- _Exercise goal_
Please return every record exactly, with no pictures included.

- _Record excerpts_
★ ★ ★ ★ ★

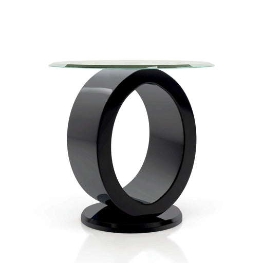 View full detailsThis beautiful high gloss oval glasstop end table in black is perfect for dressing up your home in a unique style. An 8 mm beveled edge transparent...
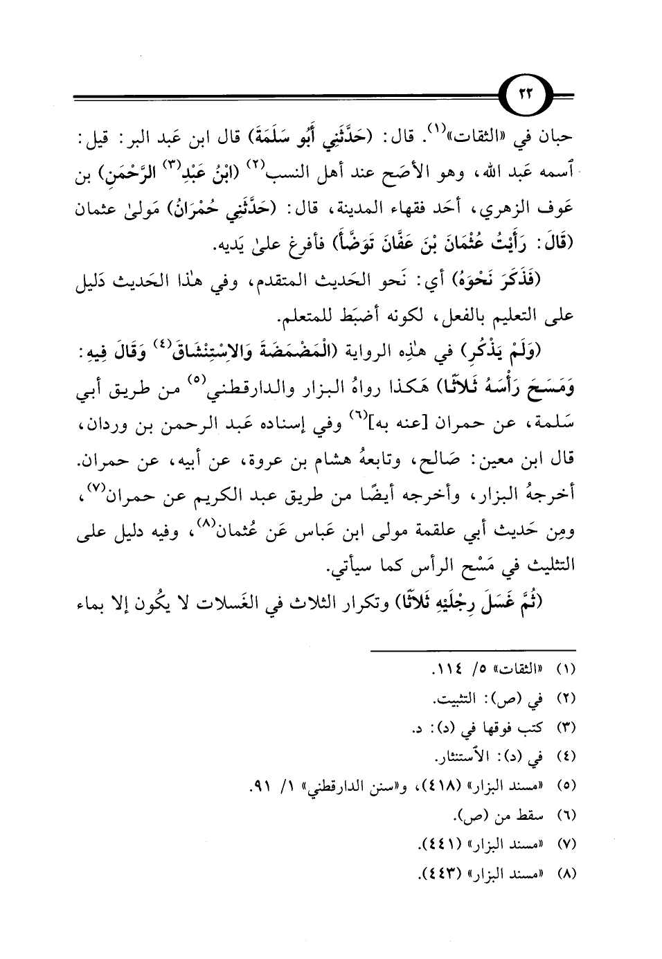 حبان في "الثقات" (¬1). قال: (حَدَّثَنِي أَبُو سَلَمَةَ) قال ابن عَبد البر: قيل: اسمه عَبد الله، وهو الأصَح عند أهل النسب (¬2) (ابْنُ عَبْدِ (¬3) الرَّحْمَنِ) بن عَوف الزهري، أحَد فقهاء المدينة، قال: (حَدَّثَنِي حُمْرَانُ) مَولى عثمان (قَالَ: رَأَيْتُ عُثْمَانَ بْنَ عَفَّانَ تَوَضَّأَ) فأفرغ على يَديه.
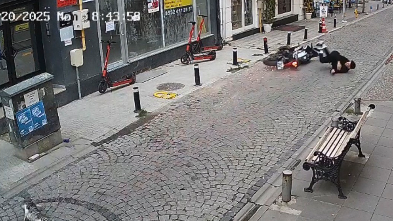 Eskişehir’in İstiklal Mahallesi’nde 19 yaşındaki bir motosiklet sürücüsü, önüne aniden çıkan kediye çarpmamak için manevra yaparken motosikleti devirdi. Kasksız olduğu belirtilen sürücü, başını beton saksıya vurması sonucu ağır yaralandı. Kaza anı çevredeki güvenlik kamerasına yansıdı.
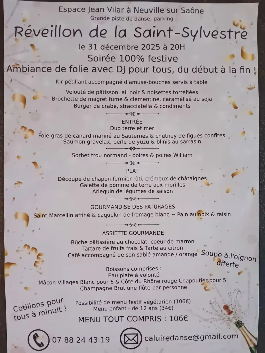 Réveillon du jour de l'an 2025 à Neuville sur Saône
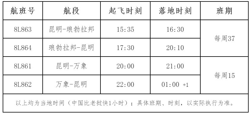 祥鵬航空計劃于2019年12月22日起開通昆明=瑯勃拉邦、12月23日起開通昆明=萬象航線。

★ ★ ★ ★ ★

- _Your solution_
 View full detailsThis beautiful high gloss oval glasstop end table in black is perfect for dressing up your home in a unique style. An 8 mm beveled edge transparent...
 حبان في "الثقات" (¬1). قال: (حَدَّثَنِي أَبُو سَلَمَةَ) قال ابن عَبد البر: قيل: اسمه عَبد الله، وهو الأصَح عند أهل النسب (¬2) (ابْنُ عَبْدِ (¬3) الرَّحْمَنِ) بن عَوف الزهري، أحَد فقهاء المدينة، قال: (حَدَّثَنِي حُمْرَانُ) مَولى عثمان (قَالَ: رَأَيْتُ عُثْمَانَ بْنَ عَفَّانَ تَوَضَّأَ) فأفرغ على يَديه.
 Eskişehir’in İstiklal Mahallesi’nde 19 yaşındaki bir motosiklet sürücüsü, önüne aniden çıkan kediye çarpmamak için manevra yaparken motosikleti devirdi. Kasksız olduğu belirtilen sürücü, başını beton saksıya vurması sonucu ağır yaralandı. Kaza anı çevredeki güvenlik kamerasına yansıdı.
 Réveillon du jour de l'an 2025 à Neuville sur Saône
 祥鵬航空計劃于2019年12月22日起開通昆明=瑯勃拉邦、12月23日起開通昆明=萬象航線。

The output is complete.